What you should do
Repeat the entries without change, omitting the pictures.

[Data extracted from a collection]
Start of Block
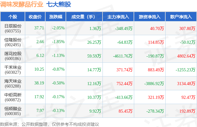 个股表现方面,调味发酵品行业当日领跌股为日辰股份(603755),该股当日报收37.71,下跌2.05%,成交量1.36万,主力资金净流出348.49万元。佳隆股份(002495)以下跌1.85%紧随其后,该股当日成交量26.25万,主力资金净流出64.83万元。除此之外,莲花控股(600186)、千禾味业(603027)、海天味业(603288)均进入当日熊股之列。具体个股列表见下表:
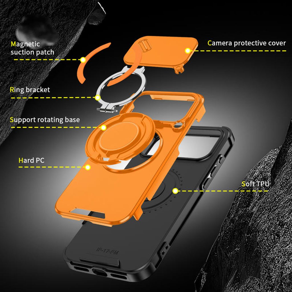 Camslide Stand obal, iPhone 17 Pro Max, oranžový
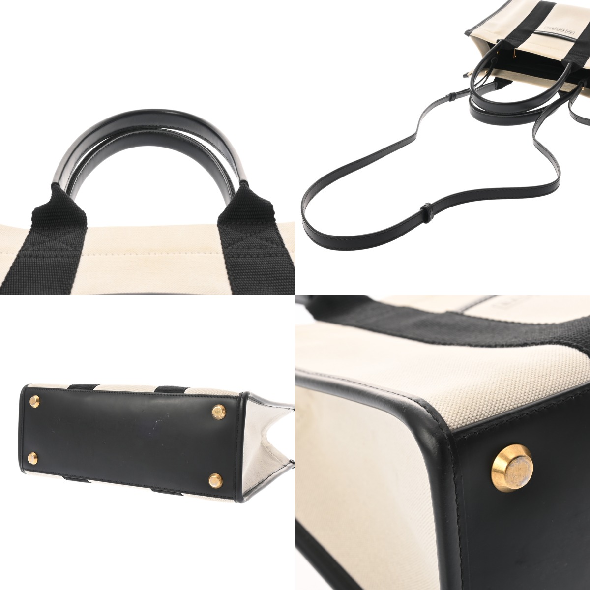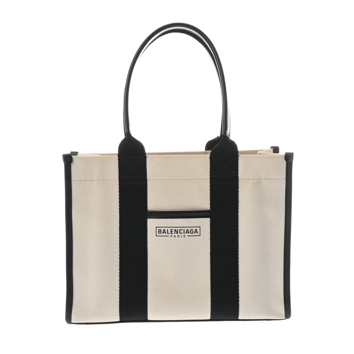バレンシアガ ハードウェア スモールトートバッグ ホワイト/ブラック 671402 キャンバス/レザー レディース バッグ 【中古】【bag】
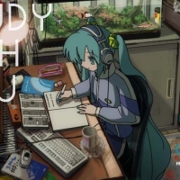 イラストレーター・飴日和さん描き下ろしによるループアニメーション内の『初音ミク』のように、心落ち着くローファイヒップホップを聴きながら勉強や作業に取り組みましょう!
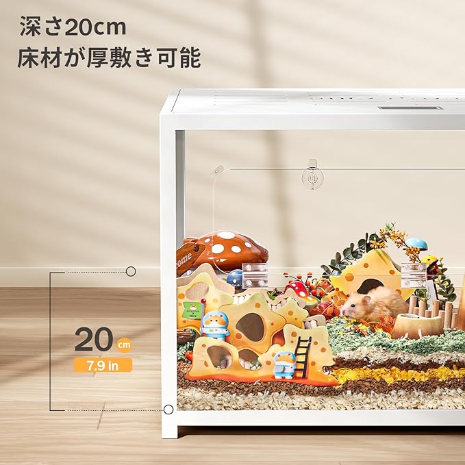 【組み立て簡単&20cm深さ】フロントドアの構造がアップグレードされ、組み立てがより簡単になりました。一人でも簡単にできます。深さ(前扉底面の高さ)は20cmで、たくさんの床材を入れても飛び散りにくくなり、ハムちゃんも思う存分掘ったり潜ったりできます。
End of Block
Response
 个股表现方面,调味发酵品行业当日领跌股为日辰股份(603755),该股当日报收37.71,下跌2.05%,成交量1.36万,主力资金净流出348.49万元。佳隆股份(002495)以下跌1.85%紧随其后,该股当日成交量26.25万,主力资金净流出64.83万元。除此之外,莲花控股(600186)、千禾味业(603027)、海天味业(603288)均进入当日熊股之列。具体个股列表见下表:
 Camslide Stand obal, iPhone 17 Pro Max, oranžový
バレンシアガ ハードウェア スモールトートバッグ ホワイト/ブラック 671402 キャンバス/レザー レディース バッグ 【中古】【bag】
 イラストレーター・飴日和さん描き下ろしによるループアニメーション内の『初音ミク』のように、心落ち着くローファイヒップホップを聴きながら勉強や作業に取り組みましょう!
 【組み立て簡単&20cm深さ】フロントドアの構造がアップグレードされ、組み立てがより簡単になりました。一人でも簡単にできます。深さ(前扉底面の高さ)は20cmで、たくさんの床材を入れても飛び散りにくくなり、ハムちゃんも思う存分掘ったり潜ったりできます。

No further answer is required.